[whatwg] Question about document.referrer (and document.URL, document.location.href) when IDN domains are in use

Thu Sep 12 02:56:32 PDT 2013

On Wed, Sep 11, 2013 at 7:21 PM, Ian Hickson <ian at hixie.ch> wrote:
> Surely the consistency of the API matching the input is more important
> than the consistency of the API _not_ matching the input...

The input will be mangled anyway. E.g. domain label separators are
normalized to ".". And all kinds of other parts of the URL undergo
normalization.

>> It means the entire URL is effectively a byte sequence.
>
> I don't know what you mean here.

No code point is higher than 7F. And given the way HTTP operates on
URLs, and we extract data from data URLs, making it a byte sequence
might not be a such a bad idea...

>> And it's very clear what the DNS lookup will be.
>
> Why do you think people care more about that than about the URL matching
> what they wrote in the markup?

It won't match that anyway.

>> And given that they keep insisting on changing what certain code points
>> map to over in IETF-land (with limited support from browser vendors :/),
>> it seems safer too.
>
> I don't understand what is safer. Surely if the punycoding step keeps
> changing, it's less safe, since it'll mean that the results will change
> without the author expecting it. If we don't punycode in the API, then the
> result will be the same regardless of the punycode step.

It depends on what you do with the result I suppose.

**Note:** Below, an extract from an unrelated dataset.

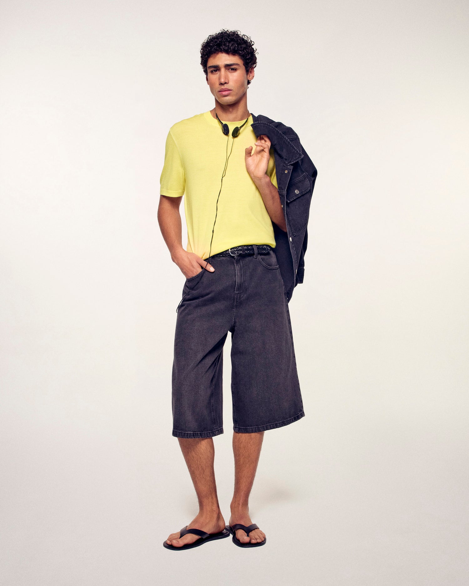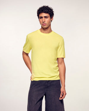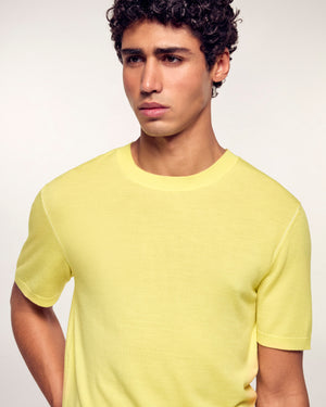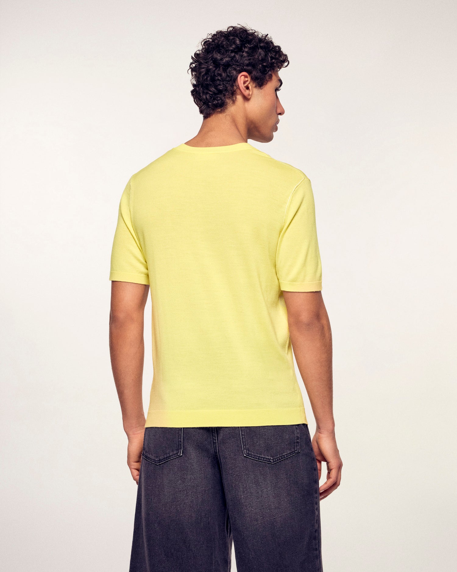 A minimalist and elegant piece made from merino wool for absolute lightness. This short-sleeve sweater stands out with its fine contrasting trims that delicately highlight the silhouette for a modern and refined style.

https://groups.google.com/a/chromium.org/forum/?fromgroups=#!topic/blink-dev/fBsVRcEOTWM
seems relevant.

http://url.spec.whatwg.org/ defines ASCII at the moment. The other
reason that is I just remembered is because ToASCII can fail and at
that point we want to return failure for the URL. I suppose we could
run ToASCII and then ToUnicode...

-- 
http://annevankesteren.nl/